How to use MappedByteBuffer efficiently with extremely large files
I am currently working on a database-like software that is meant to process very large amounts of data. Most of this data is kept in a number of files on the disk. One thing to note is that these files exist only temporarily, i.e. they are created when the program is executed, and deleted when the Java VM shuts down. Another thing to note is that they get extremely big, in the range of 2-20 GB for practical applications of the software.
My supervisor told me to use a MappedByteBuffer to map parts of this file to the memory, and said that it was a lot more efficient than simply using a FileChannel. So I read the Java API for MappedByteBuffer and did some experiments to figure out how it works.
Since the files are way too big to ever fit into the memory, my basic idea was to map a specific part of each file to the memory, which ranges from a point A to a point B. Every time the file is accessed by a read or write operation, I check whether or not this operation is inside that window. If it isn't, I map a different part of the file to the buffer so that the starting point of the requested operation is now in the middle between A and B.
I ran some tests with this and got mixed results. Some test cases run nearly twice as fast compared to when I simply use a FileChannel. In others, it's extremely slow or simply crashes with an I/O exception.
Before I get into specific details, I'd like to ask if there are any tutorials or similar things that deal with the scenario. I have serached for things like this for quite a while now, but all I found were tutorials and examples that use a pre-existing file, which is mapped to the memory in its entirety. I also don't know anybody who has experience in using a MappedByteBuffer that I could talk to.
Since I wasn't able to find any examples about what I'm trying to do, I'm also wondering whether or not using a MappedByteBuffer even makes sense in my case, or if I should just scratch the idea and simply use a FileChannel instead. However, the increase in performance I get in some test cases is very hard to ignore.
Any help would be very appreciated. If you want more information, I'll be happy to provide it.
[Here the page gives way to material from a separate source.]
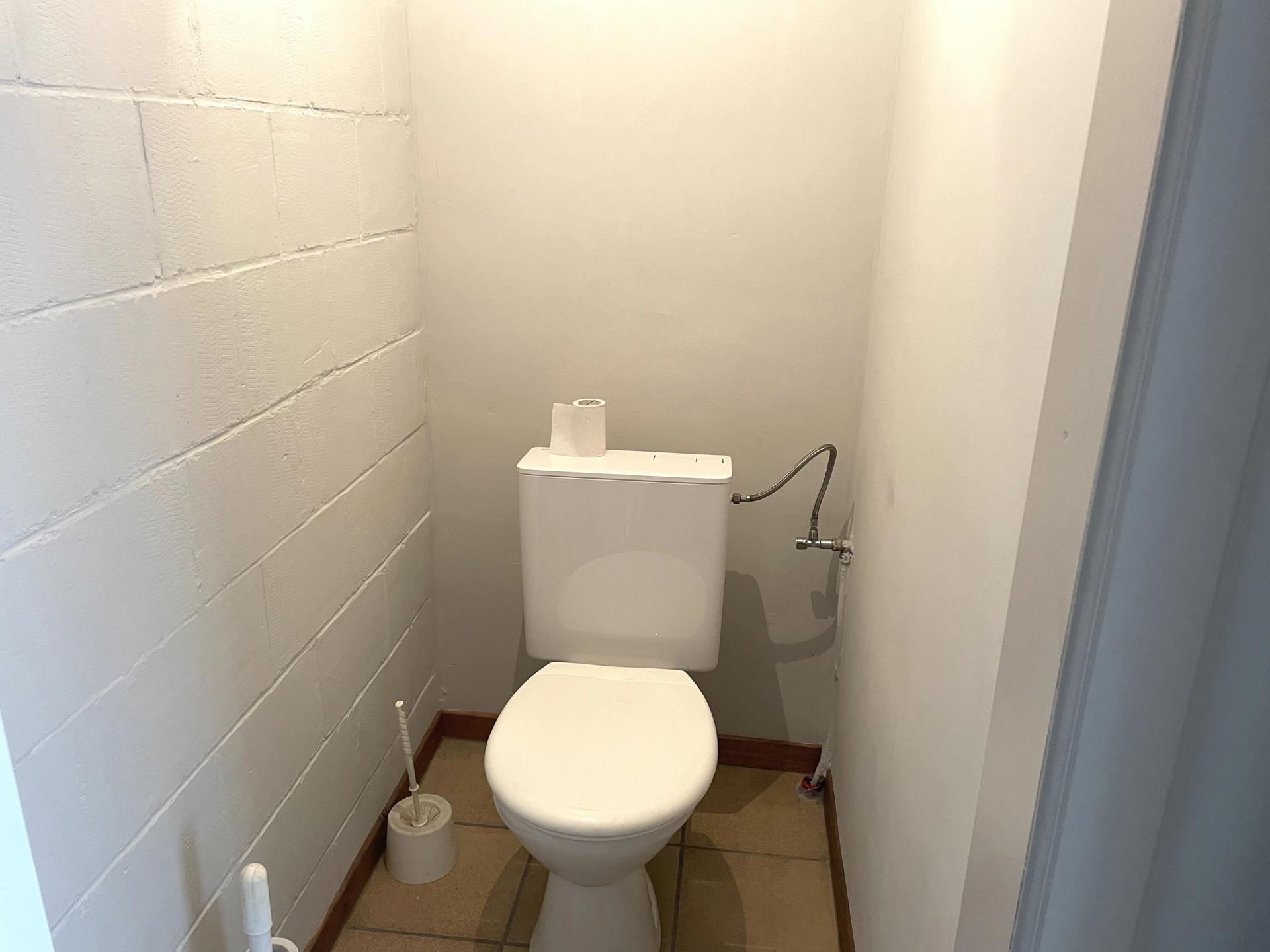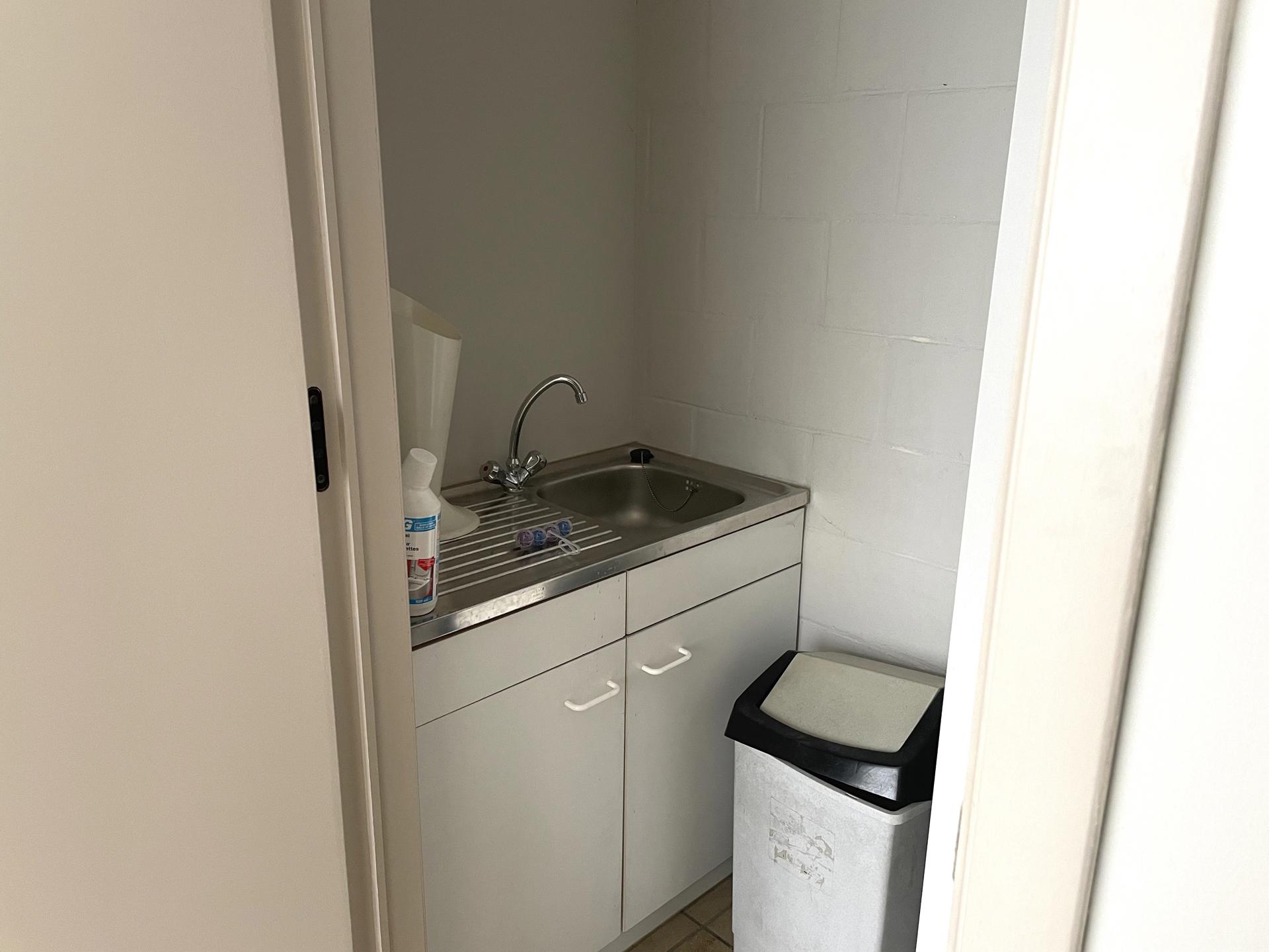 Il se compose comme suit : large hall d'entrée, bureau de +/- 13m2 avec un WC séparé et un évier.

Re: How to use MappedByteBuffer efficiently with extremely large files
What kind of access patterns do you have? Check to make sure you're not swapping buffers too often (you can probably do a few tests to determine what "too often" means). If possible, try re-arranging your data set so you have to swap buffers as little as possible.
Re: How to use MappedByteBuffer efficiently with extremely large files
Quote:
Originally Posted by
helloworld922
What kind of access patterns do you have? Check to make sure you're not swapping buffers too often (you can probably do a few tests to determine what "too often" means). If possible, try re-arranging your data set so you have to swap buffers as little as possible.
It depends on the test case. In some cases, the file is accessed from start to finish in an orderly fashion, and other cases rapidly access random positions in the file. The cases that go through the file in a straight line are the ones where I get a vast increase in performance, whereas the cases that randomly access the file take unreasonably long.
I could construct my test cases in such a way that the buffers aren't swapped "too often", but that probably wouldn't be a good idea in the long term since the behaviour of the program will be heavily dependent on user input for practical applications.
I think I'll ditch the MappedByteBuffers and stick to using a FileChannel.
Re: How to use MappedByteBuffer efficiently with extremely large files
I didn't mean format your test cases so they would give you the best performance, but format them to best represent how the user likely will use the program. I don't know what kind of data you have, but it might have some usage pattern by your customers that you can exploit for performance reasons. You could have the customer test out the software and provide usage statistics which you can analyze to determine what way to best format your data so you get good performance as much as possible.
You could also provide the generic random access commands using FileChannel and add some "high capacity" commands designed for accessing large contiguous blocks and use MappedByteBuffers then. This way you get decent performance when you have random access and still get large performance boosts for contiguous access.